What to produce — From the first line to the last, restate every record word for word, leaving out the pictures.

Provided entries —

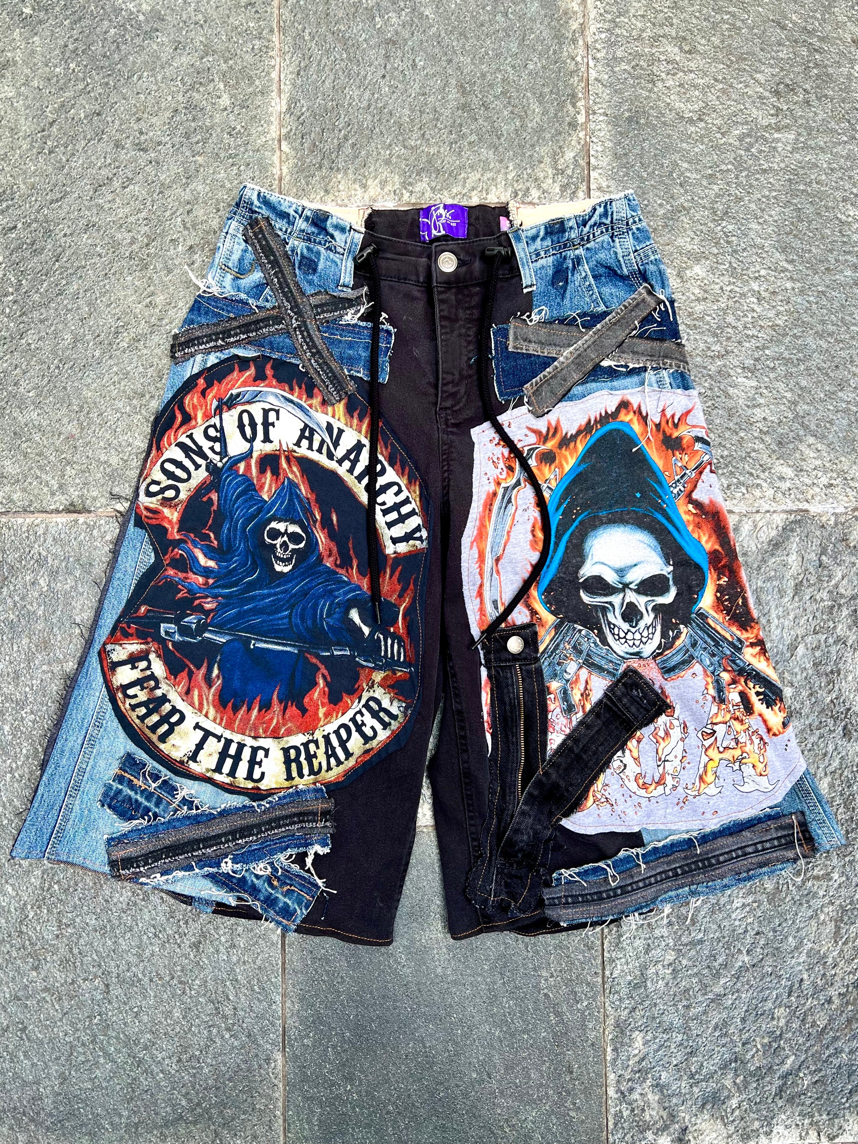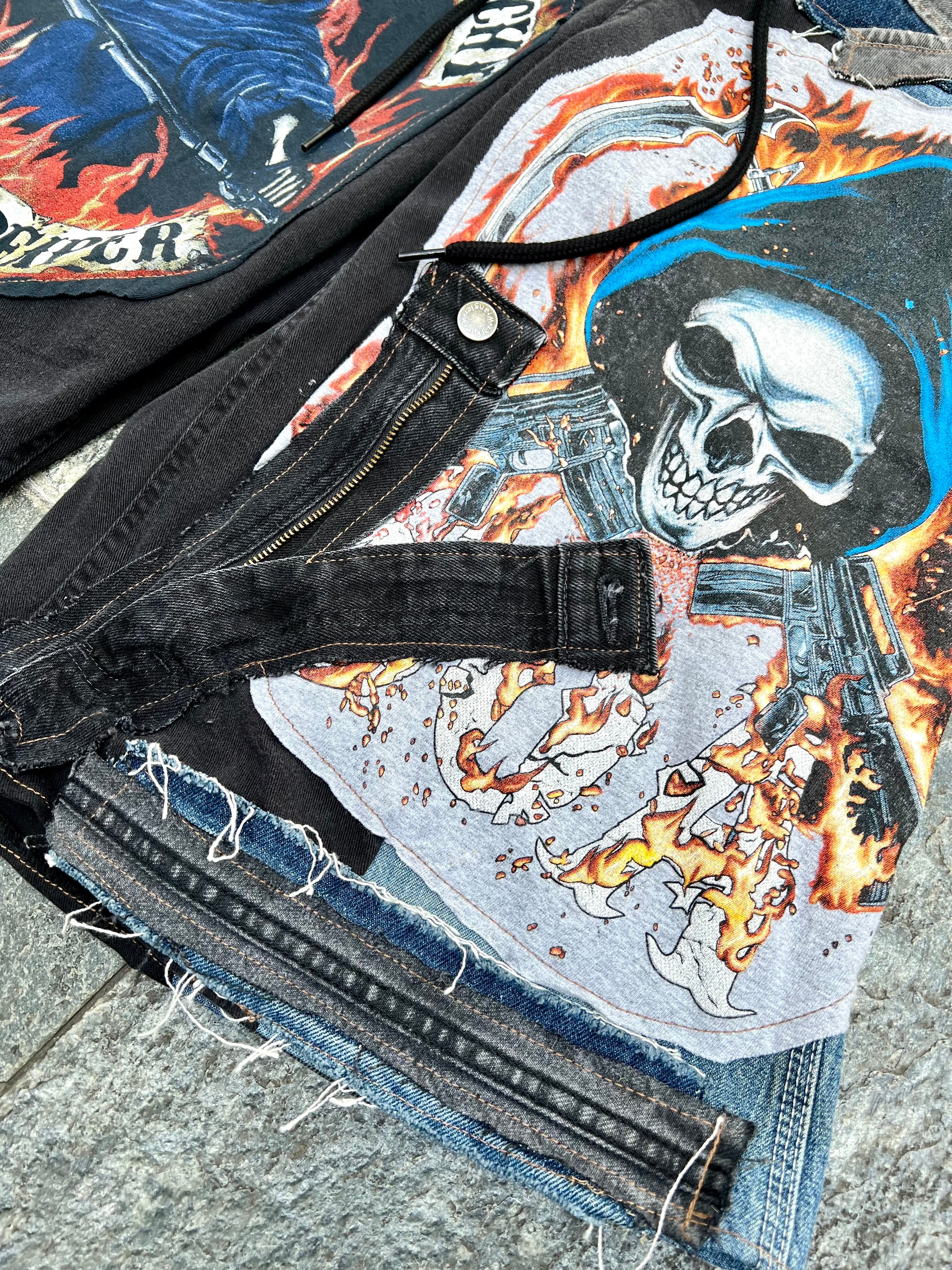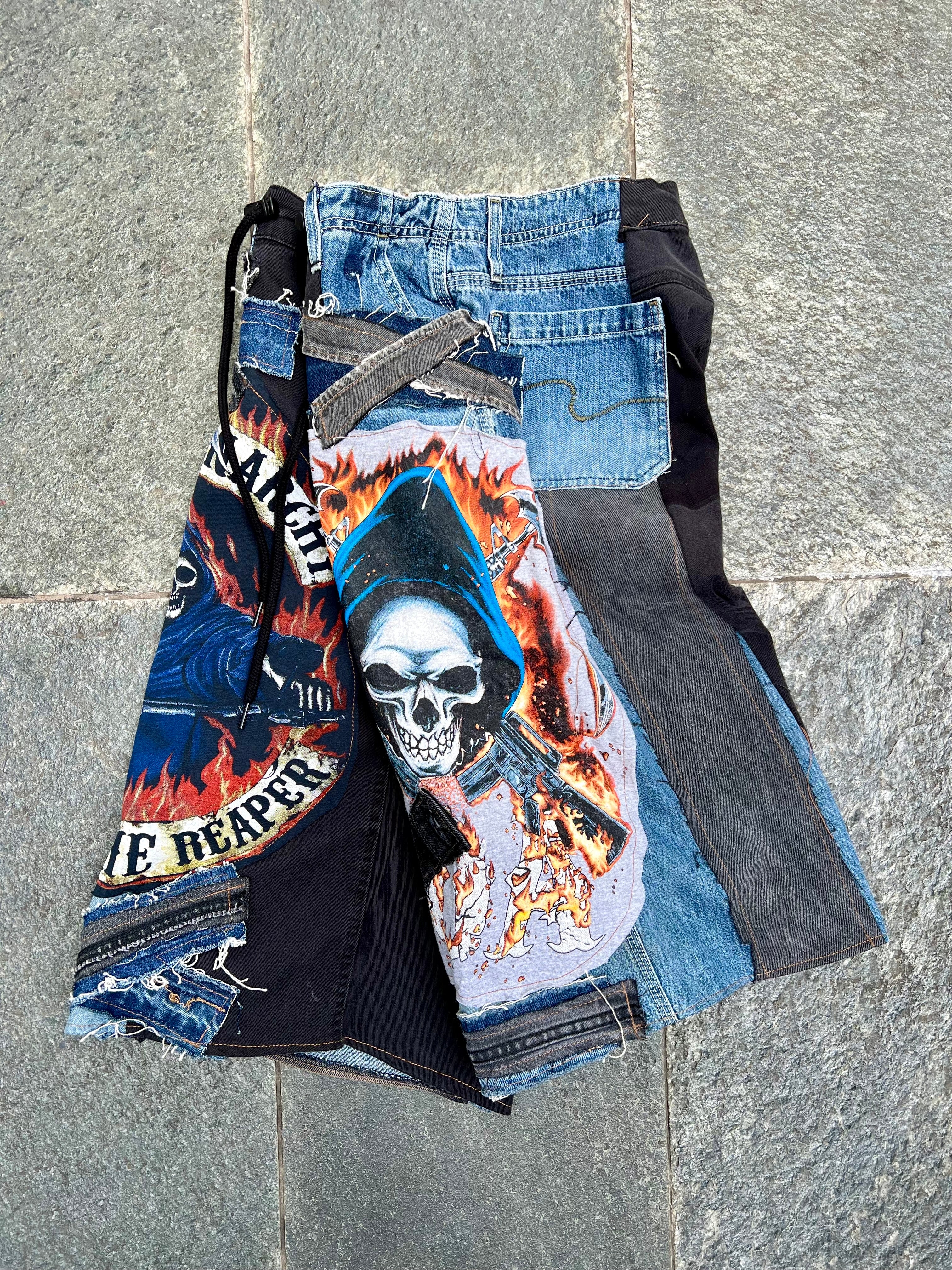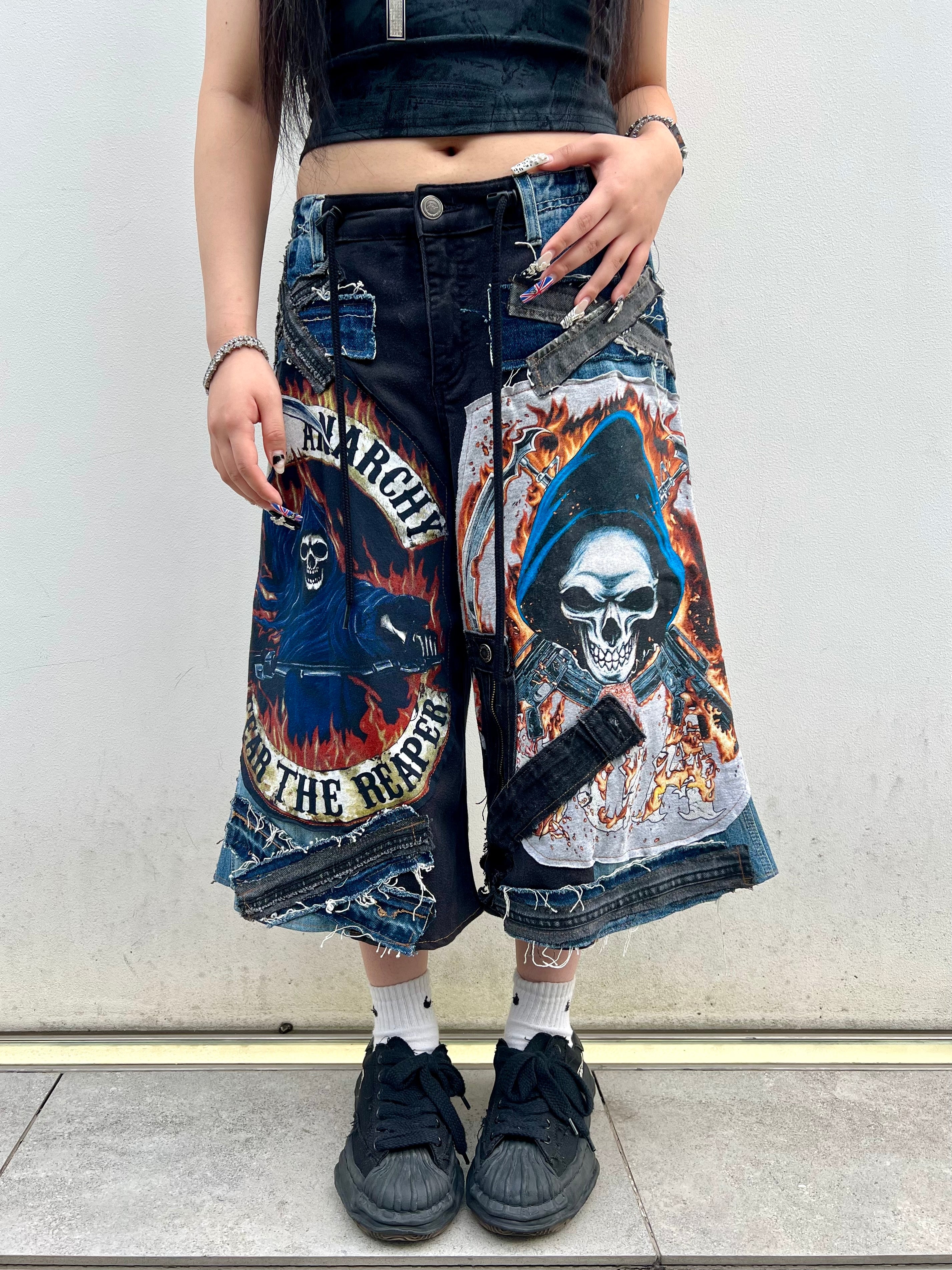 個性的なストリートスタイルを演出するリメイクデニムショーツ。
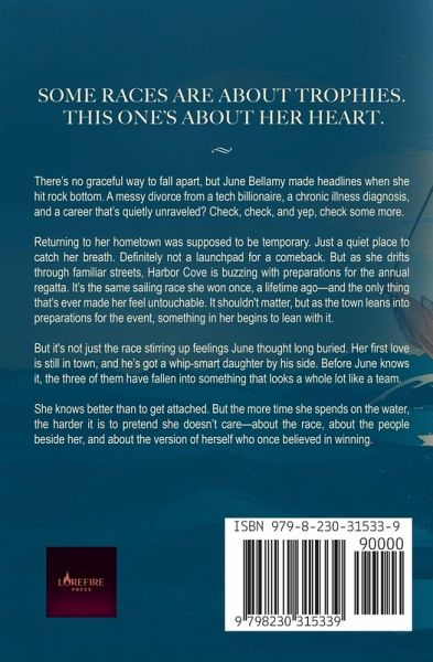 There's no graceful way to fall apart, but June Bellamy made headlines when she hit rock bottom. A messy divorce from a tech billionaire, a chronic illness diagnosis, and a career that's quietly unraveled? Check, check, and yep, check some more. Returning to her hometown was supposed to be temporary. Just a quiet place to catch her breath. Definitely not a launchpad for a comeback. But as she drifts through familiar streets, Harbor Cove is buzzing with preparations for the annual regatta. It's the same sailing race she won once, a lifetime ago-and the only thing that's ever made her feel untouchable. It shouldn't matter, but as the town leans into preparations for the event, something in her begins to lean with it. But it's not just the race that's stirring up feelings June had thought long buried. Her first love is still in town, and he's got a whip-smart daughter by his side. Before she knows it, the three of them have fallen into something that looks a whole lot like a team. She knows better than to get attached. But the more time she spends on the water, the harder it is to pretend she doesn't care-about the race, about the people beside her, and about the version of herself who once believed in winning. Some races are about trophies. This one's about her heart.
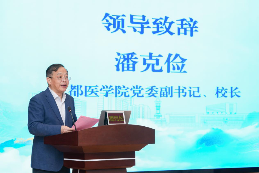 开幕式上,成都医学院党委副书记、院长潘克俭致辞,回顾了学校近年来在临床教学实践中取得的显著成效,指出当前中国高等医学教育已进入全新发展阶段,院校双方应持续加强医教协同,建立更高层次、更规范化的医学人才培养体系;各附属医院、教学医院加快推进高质量发展,促进优质医疗资源向优质教学资源转化,培养更多高素质临床医学人才,产出更多标志性合作成果,共同谱写校院协同的新篇章,为健康四川、教育强省建设贡献更大力量。成都医学院党委常委、副校长张刚主持开幕式。
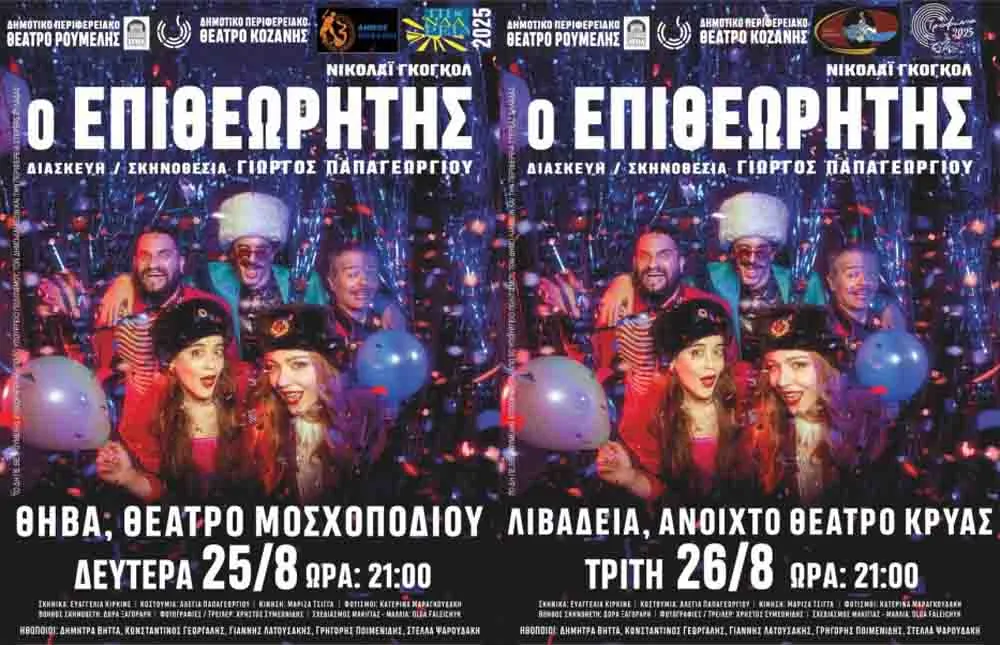 Η εξαιρετική θεατρική παράσταση «Ο Επιθεωρητής» του Νικολάι Γκόγκολ, μια συμπαραγωγή του Δημοτικού Περιφερειακού Θεάτρου Ρούμελης με το Δημοτικό Περιφερειακό Θέατρο Κοζάνης ταξιδεύει στη Θήβα και στη Λιβαδειά για δυο μοναδικές παραστάσεις.
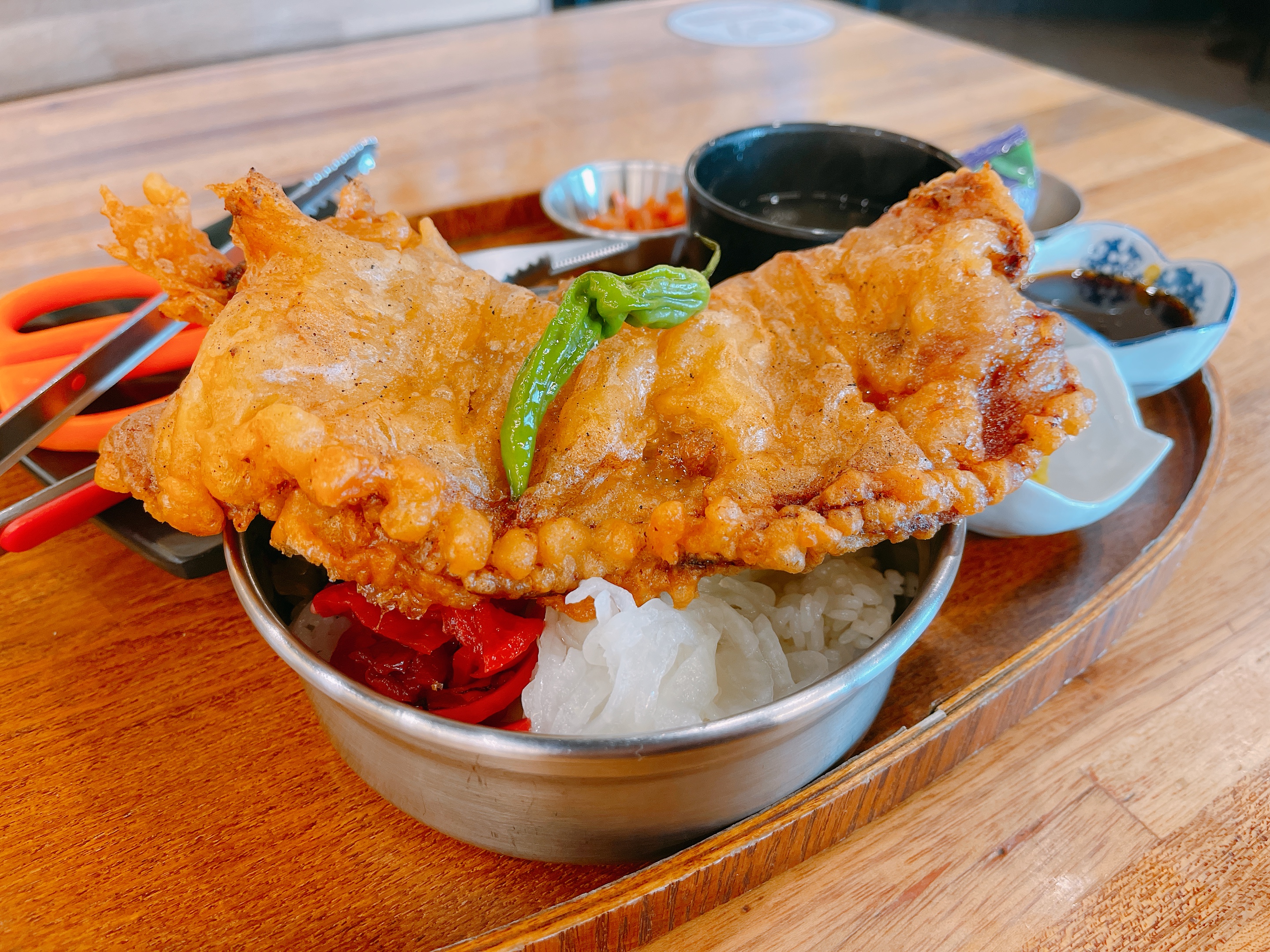 양념한 돼지갈비를 튀겨서 밥 위에 얹어 먹는 게 특징인데
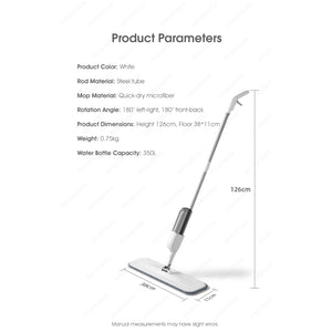Whats Included: 1 x Spray Mop, 1 x Water tank, 1 x Dirt removal brush, 1 x Microfiber cleaning pad
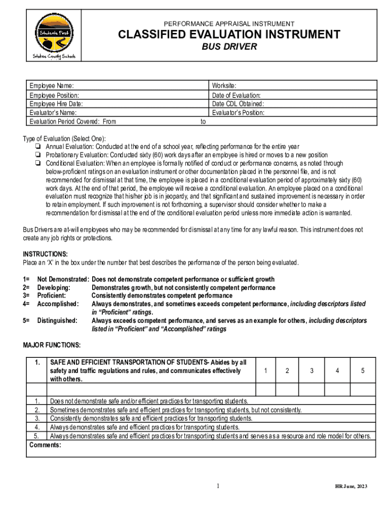 The importance of performance appraisals in the transit industry cannot be overstated. They play a critical role in enhancing driver accountability, ensuring compliance with safety regulations, and fostering a culture of continuous improvement. Key components of an effective appraisal form typically include performance metrics, qualitative evaluations, and opportunities for professional development.
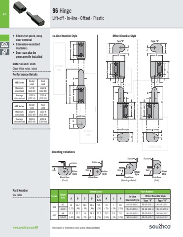 410ACTUAL SIZEACTUAL SIZEACTUALSIZEOFFSET KNUCKLE STYLEHGKBDEJFAHBDEJAFGKBDEFHBDJAFHJAEType \Type \ACTUALSIZEDimensions in millimeters (inch) unless otherwise stated96 HingeLift-off · In-line · Offset · Plastic• Allows for quick, easy door removal• Corrosion-resistant materials• Door can also be permanently installedMaterial and FinishGlass-filled nylon, black Performance Detailswww.southco.com/96Part NumberSee tableIN-LINE KNUCKLE STYLEA HA HJGKEBJCSeries Tapped HoleDimensions Part NumberA B C D E, F & G H J K In-Line Knuckle StyleOffset Knuckle StyleType “A” Type “B”300M5 31(1.22)16.7(.66)14.3(.56)21.5(.84)9.5(.38)19(.75)7(.28)58(2.28)96-50-300-11 96-50-310-11 96-50-320-1110-24 96-10-300-11 96-10-310-11 96-10-320-11400M6 41.3(1.63)22.2(.88)19(.75)28.5(1.13)12.7(.50)25.5(1.00)9.5(.38)78(3.06)96-50-400-11 96-50-410-11 96-50-420-111/4-20 96-10-400-11 96-10-410-11 96-10-420-11FrameFlush Door(Front)FrameOffset DoorFrameFlush Door(Side)FrameOffsetStyleOffset Door(Heavily gasketed)In-lineStyleOffsetStyleOffsetStyleDoor Door Door DoorIn-Line Knuckle Style Offset Knuckle StyleMounting variations300 Series Radial LoadAxialLoadMaximum static load670 N(150 lbf)1560 N(350 lbf)Average ultimate load1100 N(250 lbf)2500 N(550 lbf)400 Series Radial LoadAxialLoadMaximum static load1000 N(225 lbf)2000 N(450 lbf)Average ultimate load1900 N(425 lbf)4900 N(1100 lbf)
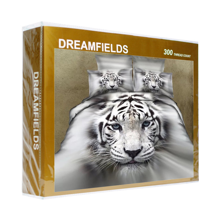 Dreamfields White Tiger Design Quilt Doona Duvet Cover Set
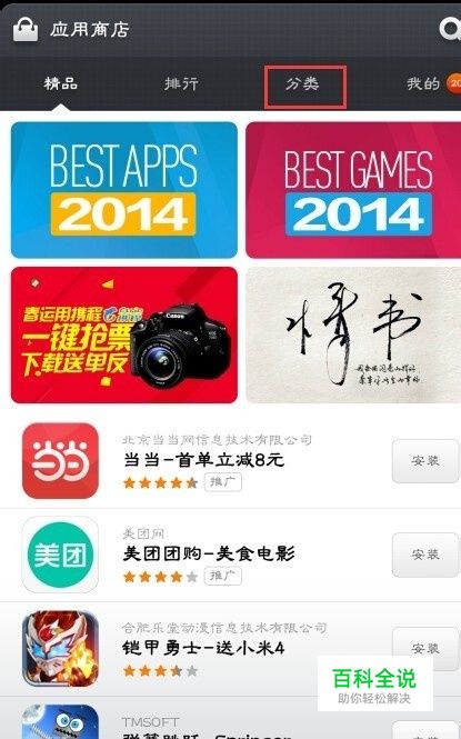下载软件的应用,启动后,点击分类。
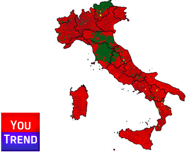 In rosso le regioni dove ha vinto il no al referendum costituzionale

Output for this exercise —
 個性的なストリートスタイルを演出するリメイクデニムショーツ。
 There's no graceful way to fall apart, but June Bellamy made headlines when she hit rock bottom. A messy divorce from a tech billionaire, a chronic illness diagnosis, and a career that's quietly unraveled? Check, check, and yep, check some more. Returning to her hometown was supposed to be temporary. Just a quiet place to catch her breath. Definitely not a launchpad for a comeback. But as she drifts through familiar streets, Harbor Cove is buzzing with preparations for the annual regatta. It's the same sailing race she won once, a lifetime ago-and the only thing that's ever made her feel untouchable. It shouldn't matter, but as the town leans into preparations for the event, something in her begins to lean with it. But it's not just the race that's stirring up feelings June had thought long buried. Her first love is still in town, and he's got a whip-smart daughter by his side. Before she knows it, the three of them have fallen into something that looks a whole lot like a team. She knows better than to get attached. But the more time she spends on the water, the harder it is to pretend she doesn't care-about the race, about the people beside her, and about the version of herself who once believed in winning. Some races are about trophies. This one's about her heart.
 开幕式上,成都医学院党委副书记、院长潘克俭致辞,回顾了学校近年来在临床教学实践中取得的显著成效,指出当前中国高等医学教育已进入全新发展阶段,院校双方应持续加强医教协同,建立更高层次、更规范化的医学人才培养体系;各附属医院、教学医院加快推进高质量发展,促进优质医疗资源向优质教学资源转化,培养更多高素质临床医学人才,产出更多标志性合作成果,共同谱写校院协同的新篇章,为健康四川、教育强省建设贡献更大力量。成都医学院党委常委、副校长张刚主持开幕式。
 Η εξαιρετική θεατρική παράσταση «Ο Επιθεωρητής» του Νικολάι Γκόγκολ, μια συμπαραγωγή του Δημοτικού Περιφερειακού Θεάτρου Ρούμελης με το Δημοτικό Περιφερειακό Θέατρο Κοζάνης ταξιδεύει στη Θήβα και στη Λιβαδειά για δυο μοναδικές παραστάσεις.
 양념한 돼지갈비를 튀겨서 밥 위에 얹어 먹는 게 특징인데
Whats Included: 1 x Spray Mop, 1 x Water tank, 1 x Dirt removal brush, 1 x Microfiber cleaning pad
 The importance of performance appraisals in the transit industry cannot be overstated. They play a critical role in enhancing driver accountability, ensuring compliance with safety regulations, and fostering a culture of continuous improvement. Key components of an effective appraisal form typically include performance metrics, qualitative evaluations, and opportunities for professional development.
 410ACTUAL SIZEACTUAL SIZEACTUALSIZEOFFSET KNUCKLE STYLEHGKBDEJFAHBDEJAFGKBDEFHBDJAFHJAEType \Type \ACTUALSIZEDimensions in millimeters (inch) unless otherwise stated96 HingeLift-off · In-line · Offset · Plastic• Allows for quick, easy door removal• Corrosion-resistant materials• Door can also be permanently installedMaterial and FinishGlass-filled nylon, black Performance Detailswww.southco.com/96Part NumberSee tableIN-LINE KNUCKLE STYLEA HA HJGKEBJCSeries Tapped HoleDimensions Part NumberA B C D E, F & G H J K In-Line Knuckle StyleOffset Knuckle StyleType “A” Type “B”300M5 31(1.22)16.7(.66)14.3(.56)21.5(.84)9.5(.38)19(.75)7(.28)58(2.28)96-50-300-11 96-50-310-11 96-50-320-1110-24 96-10-300-11 96-10-310-11 96-10-320-11400M6 41.3(1.63)22.2(.88)19(.75)28.5(1.13)12.7(.50)25.5(1.00)9.5(.38)78(3.06)96-50-400-11 96-50-410-11 96-50-420-111/4-20 96-10-400-11 96-10-410-11 96-10-420-11FrameFlush Door(Front)FrameOffset DoorFrameFlush Door(Side)FrameOffsetStyleOffset Door(Heavily gasketed)In-lineStyleOffsetStyleOffsetStyleDoor Door Door DoorIn-Line Knuckle Style Offset Knuckle StyleMounting variations300 Series Radial LoadAxialLoadMaximum static load670 N(150 lbf)1560 N(350 lbf)Average ultimate load1100 N(250 lbf)2500 N(550 lbf)400 Series Radial LoadAxialLoadMaximum static load1000 N(225 lbf)2000 N(450 lbf)Average ultimate load1900 N(425 lbf)4900 N(1100 lbf)
 Dreamfields White Tiger Design Quilt Doona Duvet Cover Set
下载软件的应用,启动后,点击分类。
 In rosso le regioni dove ha vinto il no al referendum costituzionale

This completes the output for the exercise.